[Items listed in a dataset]

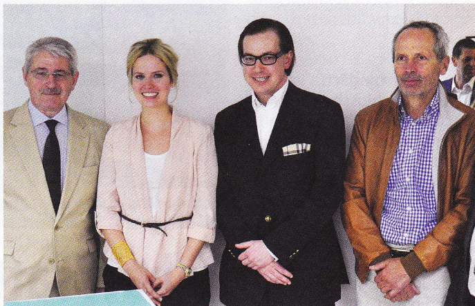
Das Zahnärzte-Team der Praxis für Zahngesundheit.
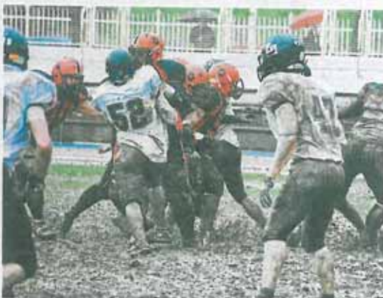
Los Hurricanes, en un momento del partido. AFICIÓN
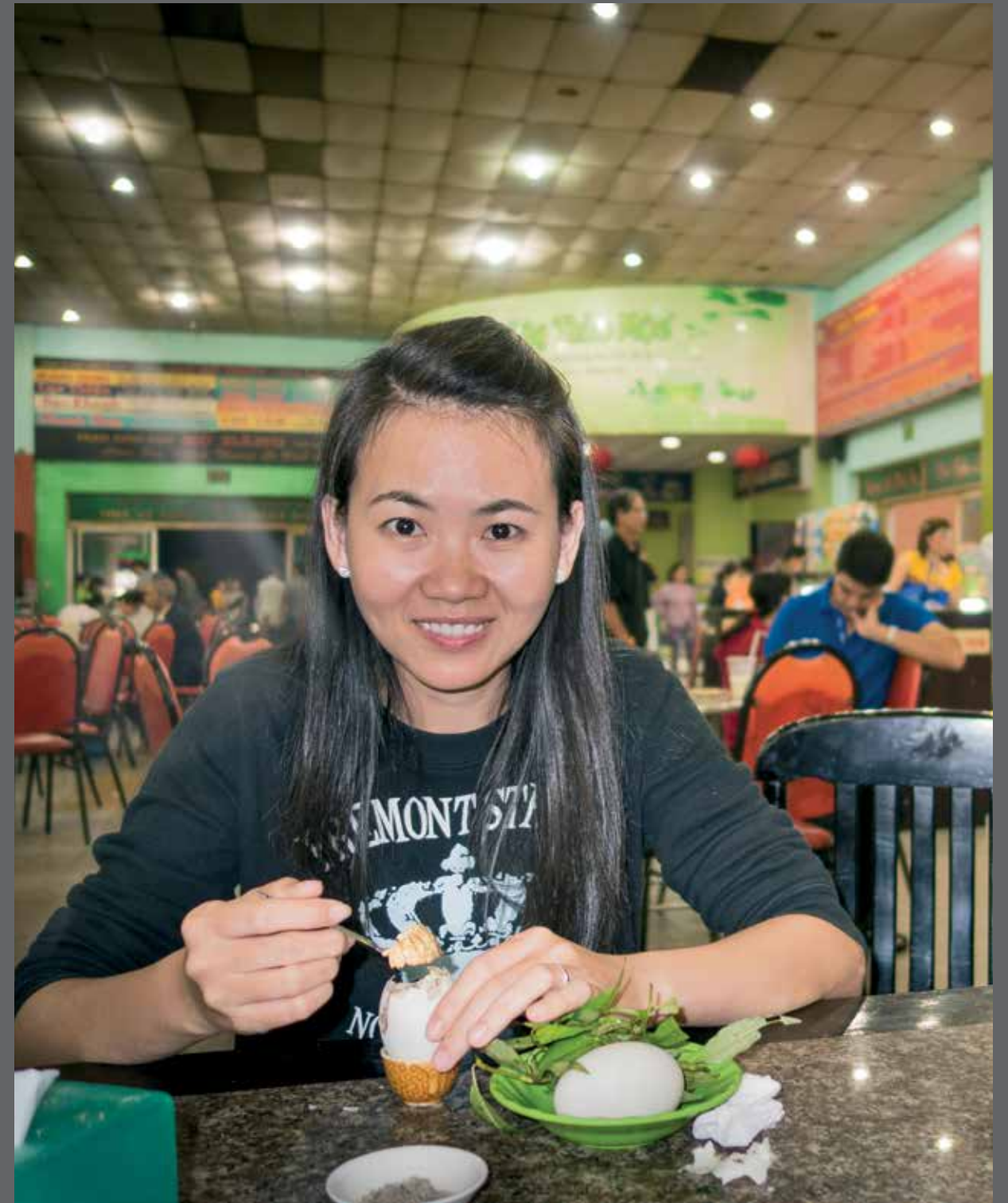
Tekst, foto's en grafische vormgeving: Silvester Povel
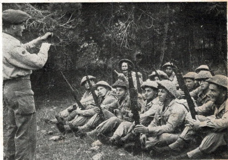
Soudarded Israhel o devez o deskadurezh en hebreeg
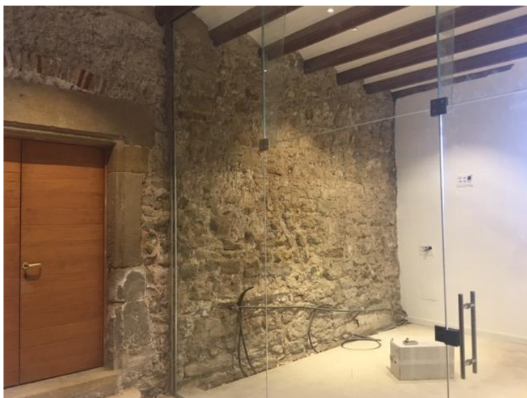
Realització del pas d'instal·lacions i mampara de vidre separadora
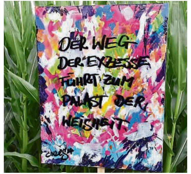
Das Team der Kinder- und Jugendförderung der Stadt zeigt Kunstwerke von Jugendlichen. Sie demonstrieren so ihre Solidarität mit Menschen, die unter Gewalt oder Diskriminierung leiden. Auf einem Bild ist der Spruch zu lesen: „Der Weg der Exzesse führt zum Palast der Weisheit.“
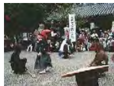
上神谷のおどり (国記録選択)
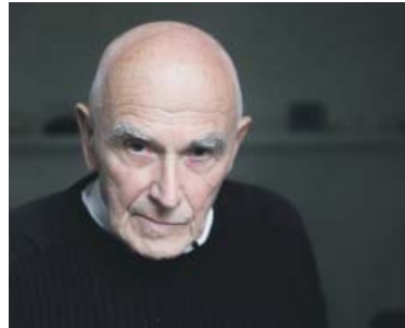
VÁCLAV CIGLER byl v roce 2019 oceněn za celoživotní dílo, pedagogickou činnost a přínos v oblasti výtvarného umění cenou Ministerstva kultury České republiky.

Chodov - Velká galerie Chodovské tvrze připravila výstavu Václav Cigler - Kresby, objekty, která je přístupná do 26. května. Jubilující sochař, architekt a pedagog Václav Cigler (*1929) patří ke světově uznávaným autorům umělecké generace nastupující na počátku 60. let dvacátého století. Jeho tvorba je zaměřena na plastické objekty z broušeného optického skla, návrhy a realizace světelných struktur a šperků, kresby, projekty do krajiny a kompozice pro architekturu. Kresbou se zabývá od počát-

Task details → Skip the pictures and give the entries above again word for word.

Exercise solution →
Das Zahnärzte-Team der Praxis für Zahngesundheit.
Los Hurricanes, en un momento del partido. AFICIÓN
Tekst, foto's en grafische vormgeving: Silvester Povel
Soudarded Israhel o devez o deskadurezh en hebreeg
Realització del pas d'instal·lacions i mampara de vidre separadora
Das Team der Kinder- und Jugendförderung der Stadt zeigt Kunstwerke von Jugendlichen. Sie demonstrieren so ihre Solidarität mit Menschen, die unter Gewalt oder Diskriminierung leiden. Auf einem Bild ist der Spruch zu lesen: „Der Weg der Exzesse führt zum Palast der Weisheit.“
上神谷のおどり (国記録選択)
VÁCLAV CIGLER byl v roce 2019 oceněn za celoživotní dílo, pedagogickou činnost a přínos v oblasti výtvarného umění cenou Ministerstva kultury České republiky.

Chodov - Velká galerie Chodovské tvrze připravila výstavu Václav Cigler - Kresby, objekty, která je přístupná do 26. května. Jubilující sochař, architekt a pedagog Václav Cigler (*1929) patří ke světově uznávaným autorům umělecké generace nastupující na počátku 60. let dvacátého století. Jeho tvorba je zaměřena na plastické objekty z broušeného optického skla, návrhy a realizace světelných struktur a šperků, kresby, projekty do krajiny a kompozice pro architekturu. Kresbou se zabývá od počát-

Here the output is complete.